Painter

Concepts

Palette Histogram Match

A free +0.55 on the VLM judge from a CPU postprocess that runs in under 100ms

Even with a good seed and a careful pipeline, the painted side of a tile drifts a little in colour. Not enough to look broken, but enough to read as "two photos pasted together" instead of one image. A standard image-processing trick — match the colour distribution of the output to the seed — closes most of that gap, for free, on the CPU.

Drag the slider

Slide from 0% (raw FLUX output) to 100% (full histogram match against the seed). Watch the histogram on the right migrate toward the seed's shape, and the tile preview drift back toward the seed palette.

Seed (the target)
Output (varies with slider)
RGB histograms — seed vs output
R seed (line) · output (bars)
G seed (line) · output (bars)
B seed (line) · output (bars)
100%
Palette similarity to seed
0.955 Bhattacharyya · 1.0 = identical
Stylised VLM lift
+0.55 illustrative — see iter-8 below

How the trick works

For each colour channel (R, G, B), build a cumulative distribution of pixel values in the seed and in the output.
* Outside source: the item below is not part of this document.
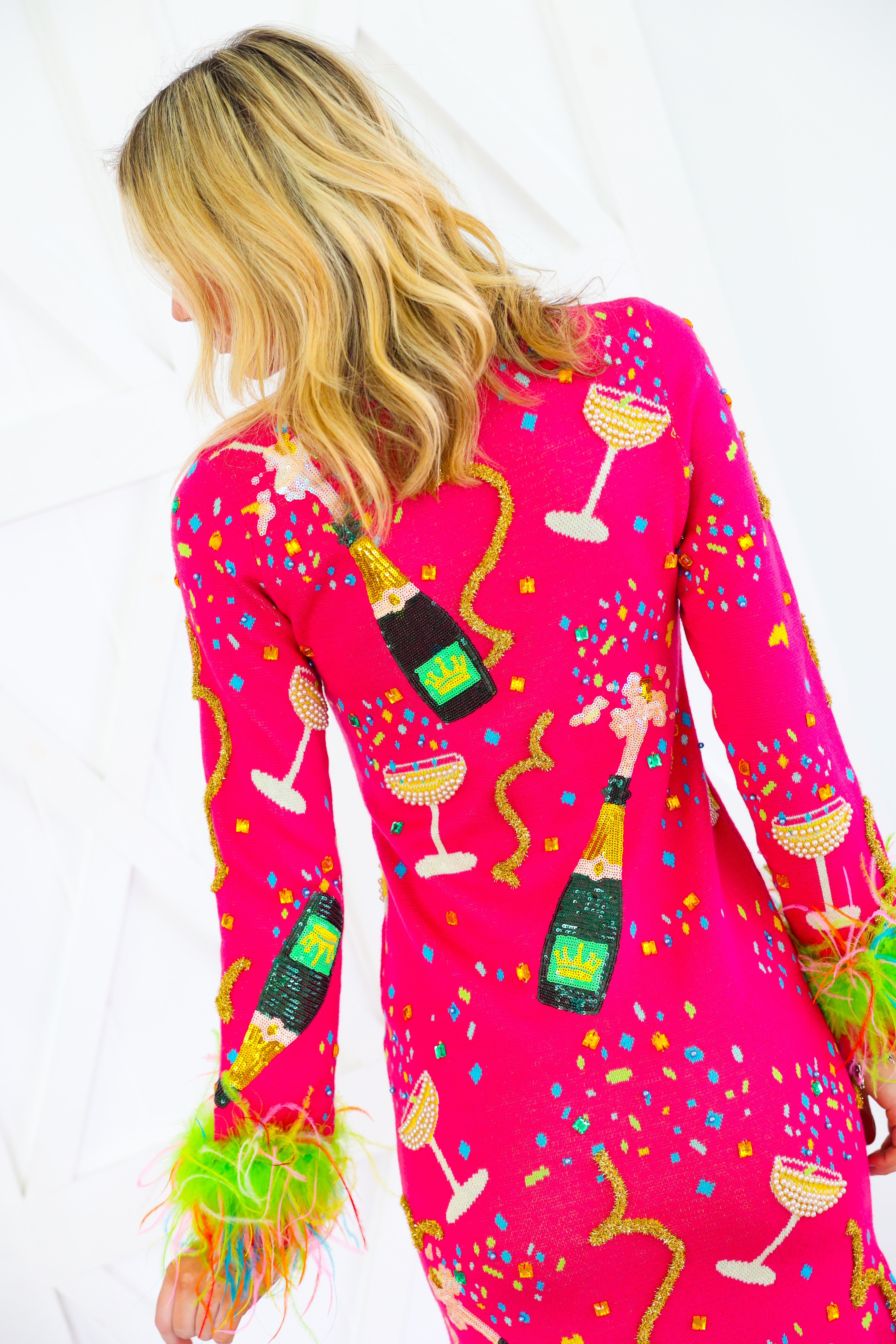 Hot Pink Popping Champagne Bottle & Coupe Feather Sleeve Midi Dress Queen of Sparkles

Then remap every pixel in the output to the value that has the same cumulative position in the seed. The rendering content stays put — only the tone curve shifts.

1

Build CDFs

Per channel, count pixel intensities into bins and accumulate. Two CDFs: one for the seed strip, one for the output tile.

2

Map values

For every output value v, look up its CDF position in the output, then find the seed value with the same CDF position. Replace v with that seed value.

3

Recombine

Three remapped channels stacked back into an RGB image. No model call, no GPU, no learnable parameters. skimage.match_histograms does this in one line.

Why this is different from a flat colour grade

A flat colour transform (LUT, white balance, saturation) shifts every pixel by the same rule — it can't fix mid-tone drift without crushing highlights. Histogram matching is per-percentile: pixels that were in the bottom 20% of green in the output become the bottom 20% of green in the seed, regardless of their absolute value. That preserves local contrast while rebuilding global tone.

Real numbers from iter-8

Stacked on top of the iter-5b stack with no other changes. Some biomes barely move; others — particularly tightly-toned ones like dungeon stone — shift dramatically.

Dungeon
8.2
10.0
+1.8
Forest path
5.4
6.3
+0.9
Castle wall
4.8
5.7
+0.9
River shore
5.9
6.4
+0.5
Aggregate lift, iter-7c → iter-8
+0.55 across the board. Largest single-postprocess gain of this batch, at zero GPU cost.

When it doesn't help

  • Tiles where the output and seed share the same palette already (no drift to fix).
  • Tiles where the structural error is the dominant problem — palette match makes a wrong-shape river the right colour, but it's still the wrong shape.
  • Style transfers across biome boundaries (matching a desert tile's histogram to a forest seed produces unnatural greens).
How this is built (technical)

Postprocess uses skimage.exposure.match_histograms(output, reference, channel_axis=-1) against the seed strip cropped from the anchor. Runs CPU-side after image generation, before VLM evaluation. End-to-end cost on a 1024² tile is ~80ms on a single core. Implemented in scripts/spikes/palette_match.py; results visualised per-biome in scripts/spikes/_research/palette_match_visual_analysis.md.